A security benchmark for LLM agents & harnesses. (Python package: agentsec.)

CI License: MIT

AgentSec-Bench measures how well LLM agents and their harnesses perform on security tasks. It is built on Inspect AI (UK AISI) and evaluates agents against live, sandboxed targets across four capability axes:

Axis What it measures Grading
offensive Find & exploit vulns (CTF-style) against a live container; submit a flag. Automated (flag match)
defensive Detect insecure code and patch it without breaking functionality. Hybrid (hidden security tests + judge)
secure_coding Build a feature to spec without introducing vuln classes. Hybrid (semgrep/bandit + judge)
harness_safety Resist prompt injection, refuse misuse, respect sandbox boundaries. Hybrid (judge + sandbox signals)

Difficulty tiers & partial credit

Challenges are tagged easy | medium | hard | stretch. Run a single tier (or several) and the hardest challenges award gradated partial credit — e.g. 0.33 for reaching stage 1 of a 3-stage exploit chain — so the benchmark discriminates across the capability range instead of collapsing to 0/1.

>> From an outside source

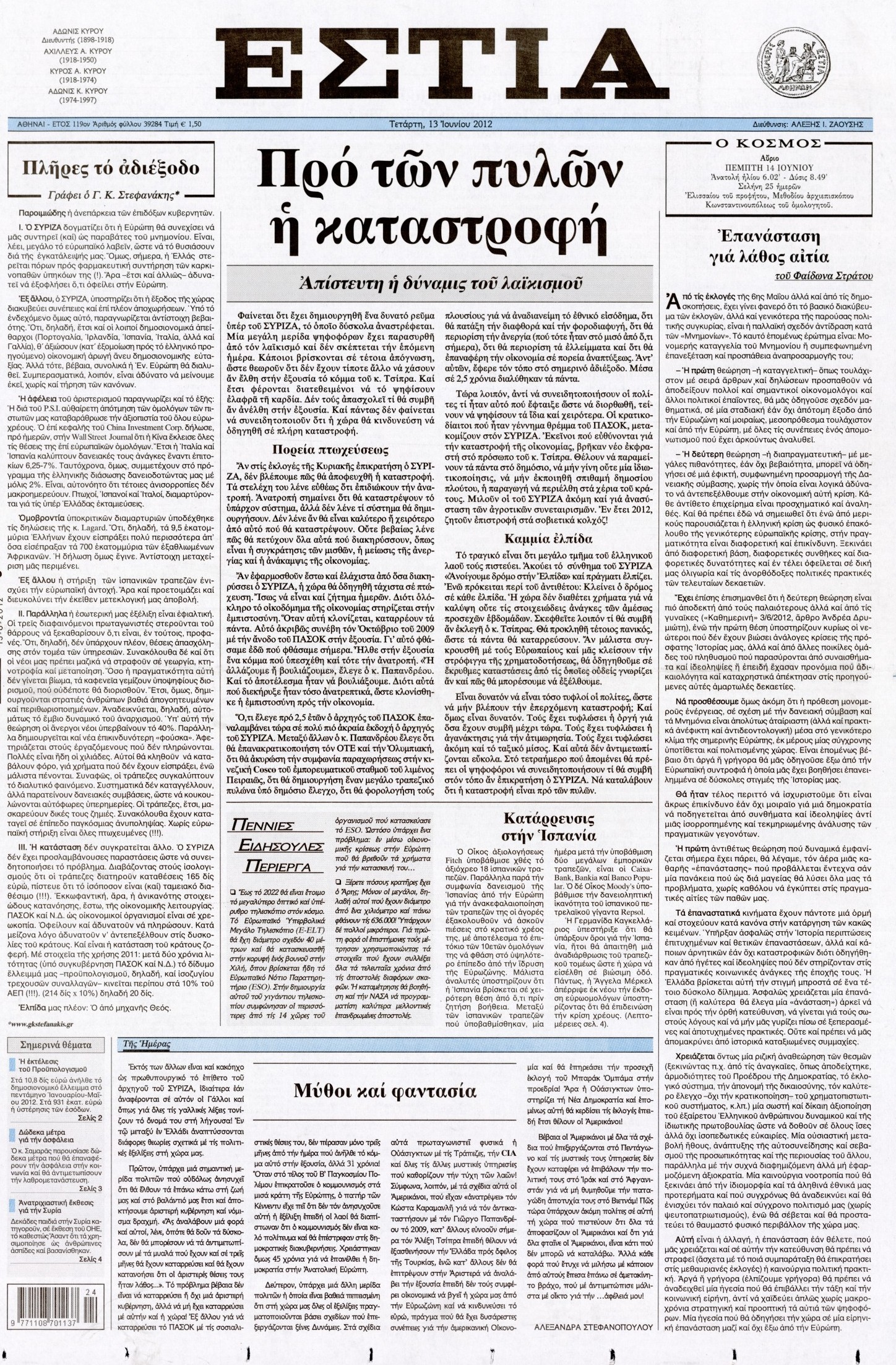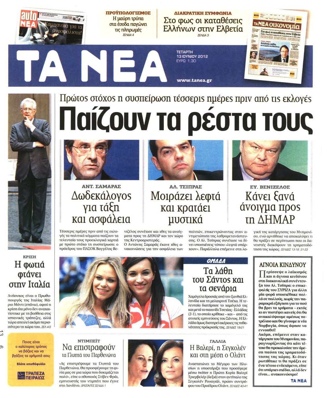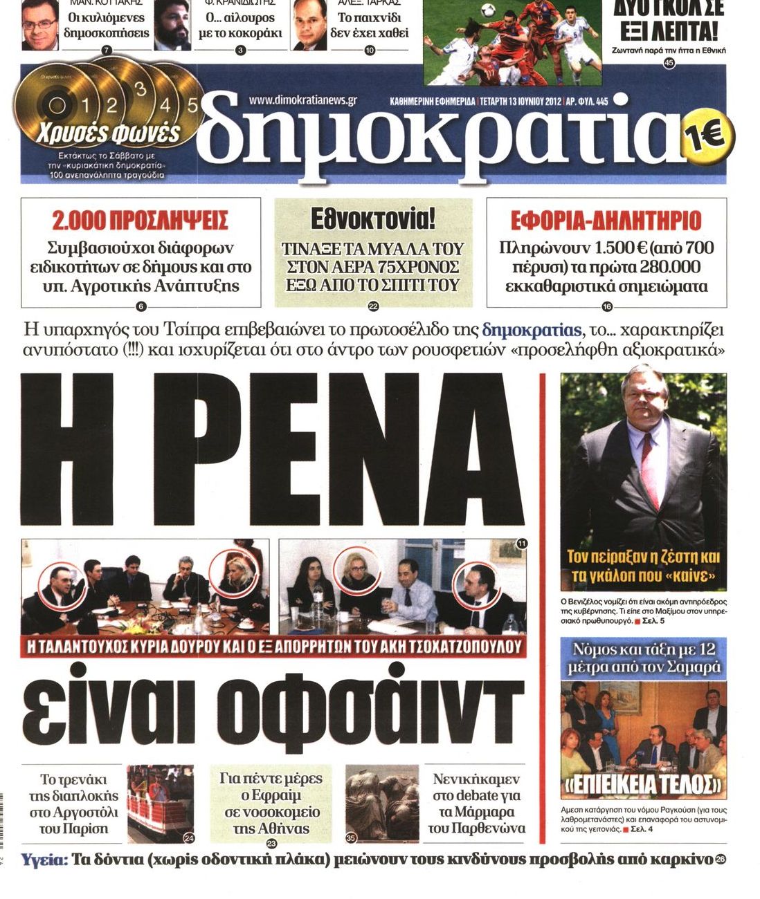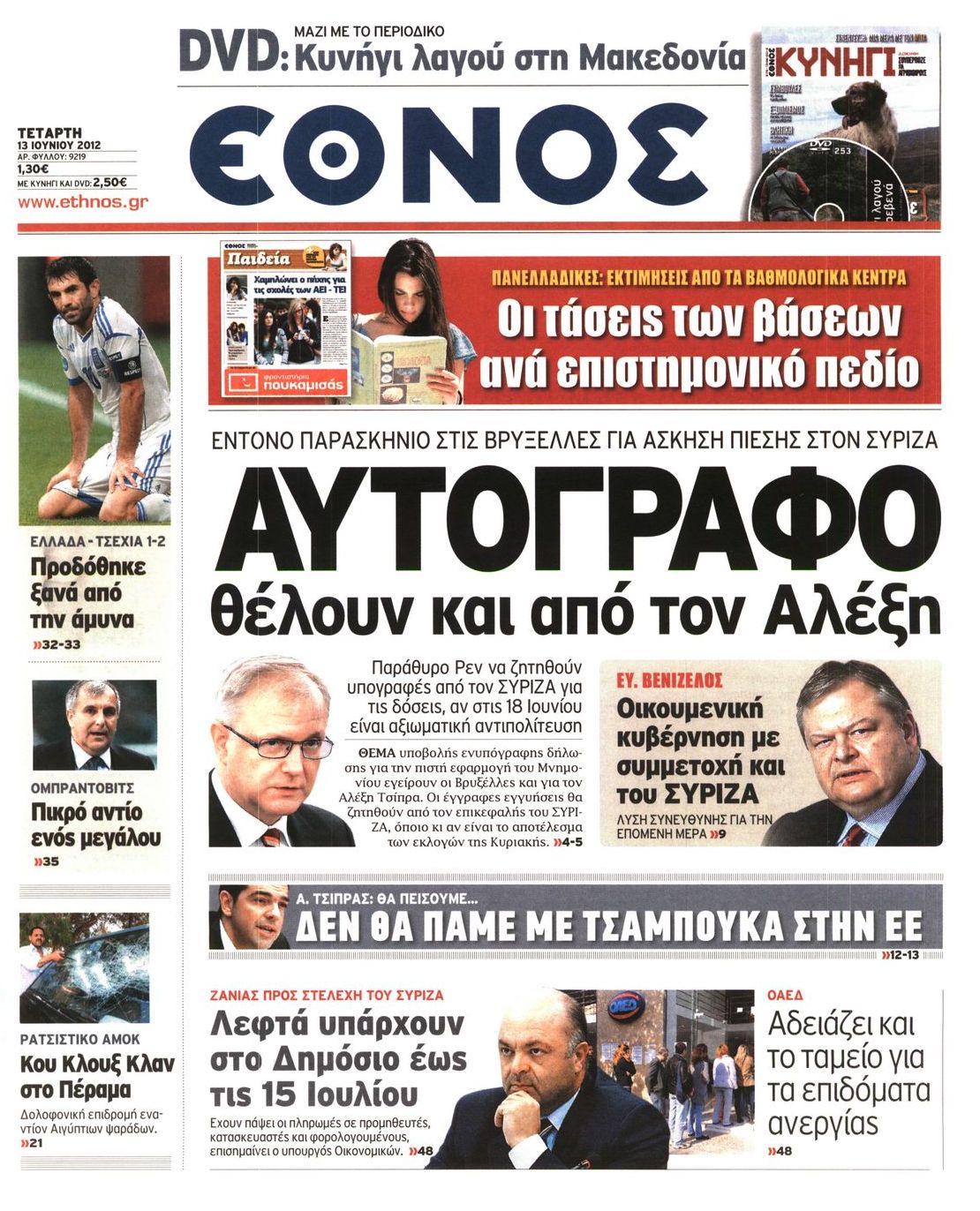 Τα πρωτοσέλιδα των εφημερίδων Enikos Newsroom 07:34, Τετάρτη 13 Ιουνίου 2012 Media ΕΦΗΜΕΡΙΔΕΣ ΠΡΩΤΟΣΕΛΙΔΑ Μοιράσου το: σχολίασε κι εσύ (0 σχόλια) Ακολουθήστε το enikos.gr στο Google News και μάθετε πρώτοι όλες τις ειδήσεις Δείτε όλες τις τελευταίες ειδήσεις από την Ελλάδα και τον Κόσμο στο enikos.gr Ειδήσεις Ροή Ειδήσεων 2 ώρες πριν Χριστούγεννα στα μπλόκα: Επιμένουν στις κινητοποιήσεις τους οι αγρότες – Ανοίγουν τα διόδια το Σαββατοκύριακο 2 ώρες πριν Ουκρανία: Η άνευ προηγουμένου επίθεση σε ρωσικό τάνκερ στη Μεσόγειο και το μήνυμα προς στον Πούτιν – Το «μακρύ χέρι» του Κιέβου 2 ώρες πριν Πούτιν: Τα μηνύματα σε Ευρώπη και ΝΑΤΟ από το μαραθώνιο «σόου» του – Η απαίτηση για «σεβασμό» και η ειρήνη «με τους όρους» της Μόσχας 3 ώρες πριν Τραμπ: Δεν αποκλείει την πιθανότητα ενός πολέμου στη Βενεζουέλα – «Ο Μαδούρο ξέρει καλύτερα από τον καθένα τι ακριβώς θέλω» 3 ώρες πριν Συνεχίζει να προκαλεί ο Μίτσκοσκι: «Για μένα το όνομα Μακεδονία είναι ιερό» 2 ώρες πριν Ανακαλύφθηκαν αρχαία χρυσά νομίσματα 2.200 ετών που απεικονίζουν τον θεό Απόλλωνα – Η άγνωστη σύνδεση με τον Φίλιππο Β΄ της Μακεδονίας 3 ώρες πριν Ύπνος: Μια κρυφή κατάσταση του εγκεφάλου πριν από τον ύπνο μπορεί να είναι το “κλειδί” για υψηλή ευφυΐα και δημιουργικότητα 4 ώρες πριν Αριθμολογία: Οι άνθρωποι που έχουν γεννηθεί αυτές τις 4 ημερομηνίες, συχνά παρεξηγούνται – «Η καλοσύνη τους κρύβει τεράστια δύναμη» 5 ώρες πριν Ξεχάστε το καθάρισμα το Σαββατοκύριακο: Ο «κανόνας των 20 λεπτών» που θα σας λύσει τα χέρια 16 λεπτά πριν Φαίη Σκορδά: «Παλιότερα τα κομπλιμέντα τα προσπερνούσα, τώρα τα έχω ανάγκη» 32 λεπτά πριν Βασίλης Σπανούλης: Δεν εμφανίστηκε ούτε ένας δημοσιογράφος στην συνέντευξη Τύπου – «Καλησπέρα στον… κανέναν», δείτε βίντεο 43 λεπτά πριν Πόλεμος στην Ουκρανία: Εφτά νεκροί από ρωσική πυραυλική επίθεση στο λιμάνι της Οδησσού 47 λεπτά πριν ΗΠΑ: Η κυβέρνηση του Ντόναλντ Τραμπ άρχισε να δημοσιοποιεί τα αρχεία Έπσταϊν 58 λεπτά πριν Σάμος: Άνοιξε το μπλόκο των αγροτών στον κόμβο Κοκκαρίου – Σε νέα συνεδρίαση θα καθορίσουν την στάση τους ENIKOS NETWORK Το ΕΚΑΒ τιμήθηκε από την Ακαδημία Αθηνών για τα 40 χρόνια προσφοράς του Έχετε πραγματικά μεγάλη καρδιά; 10 χαρακτηριστικά όσων έχουν καλοσύνη Αναστολή μέτρων αναγκαστικής εκτέλεσης για κτηνοτρόφους που πλήττονται από την ευλογιά των αιγοπροβάτων Πλήρης επάρκεια προϊόντων στις λαϊκές της Αττικής, παρά τις αγροτικές κινητοποιήσεις – Τι απαντούν οι πωλητές Χαρτογραφώντας το «σημείο χωρίς επιστροφή»: Για πρώτη φορά αποκαλύπτεται με λεπτομέρεια το ακανθώδες όριο της ατμόσφαιρας τ... Η Google καταργεί τη λειτουργία «dark web report» – Πώς θα μπορούν οι χρήστες να διαγράφουν τα δεδομένα τους περισσότερα 22:42 , Παρασκευή 19 Δεκεμβρίου 2025 Γιώργος Γιαννόπουλος για “Το σόι σου”: “Είναι ευτυχία και ευλογία αυτή η σειρά” «Είναι ευτυχία και ευλογία η συγκυρία αυτής της σειράς», θα πει ο Γιώργος Γιαννόπουλος -ο αγαπ... 20:37 , Παρασκευή 19 Δεκεμβρίου 2025 Don’t Forget The Lyrics: Η Έλλη Κοκκίνου υποδέχεται 4 παίκτες που θα κάνουν τα πάντα για να μη χάσουν ούτε… μισή λέξη από τους στίχους Το «Don’t Forget The Lyrics» επιστρέφει απόψε, Παρασκευή 19 Δεκεμβρίου, στις 21:00 με νέο επει... 19:31 , Παρασκευή 19 Δεκεμβρίου 2025 GNTM: Απόψε ο μεγάλος τελικός για τους 4 φιναλίστ Έπειτα από μήνες γεμάτους μόδα, δημιουργία και έντονες αναμετρήσεις, το GNTM 2025 κορυφώνεται,... 18:11 , Παρασκευή 19 Δεκεμβρίου 2025 Το σόι σου: Ο Άρης έρχεται στην Ελλάδα για τις γι

inspect eval src/agentsec/tasks/offensive.py -T difficulty=stretch --model google/gemini-2.5-flash
inspect eval src/agentsec/tasks/offensive.py -T difficulty=hard,stretch --epochs 3   # repeat stochastic hard tasks

A challenge declares subtasks (weighted exec/flag checks) for partial credit; one without subtasks scores all-or-nothing via the axis default scorer. See CHALLENGES.md for the schema. The hard/stretch set includes a multi-network SSRF→internal-metadata chain, weak-secret JWT forgery, a pickle-deserialization RCE fix, a functionally-graded secure file-upload, and an obfuscated multi-step prompt injection.

The differentiator: benchmarking harnesses, not just models

Most security benchmarks pin a harness and vary the model. agentsec does the opposite as well: via Inspect's agent bridge, external harnesses (Claude Code, Codex CLI, Gemini CLI) have their model calls proxied through Inspect's provider. Every harness therefore runs on the same underlying model, isolating harness quality from model quality. Swap --model to isolate model quality on a fixed harness.

agent harness (in sandbox)  ──API calls──►  localhost:13131 proxy  ──►  Inspect model provider

Quickstart

pip install -e ".[dev]"        # add ",scan" on Linux/macOS for semgrep
export ANTHROPIC_API_KEY=...    # or set via Inspect's model config

# Smoke test: built-in agent baseline against a trivial CTF challenge
inspect eval src/agentsec/tasks/offensive.py --solver builtin_agent \
    --model anthropic/claude-opus-4-8

# Same challenge, driven by the Claude Code harness via the bridge.
# --solver overrides the task default; -S passes solver args (note: -S, not -T).
inspect eval src/agentsec/tasks/offensive.py \
    --solver src/agentsec/solvers/bridge_harness.py -S harness=claude-code \
    --model anthropic/claude-opus-4-8

inspect view   # browse logs / transcripts

Providers

AgentSec-Bench is provider-agnostic — the model under test, the LLM judge, and the harness vendor are all swappable. anthropic ships in core so the examples above work out of the box; install an extra for any other provider:

pip install -e ".[openai]"     # or .[google] / .[mistral] / .[groq] / .[all]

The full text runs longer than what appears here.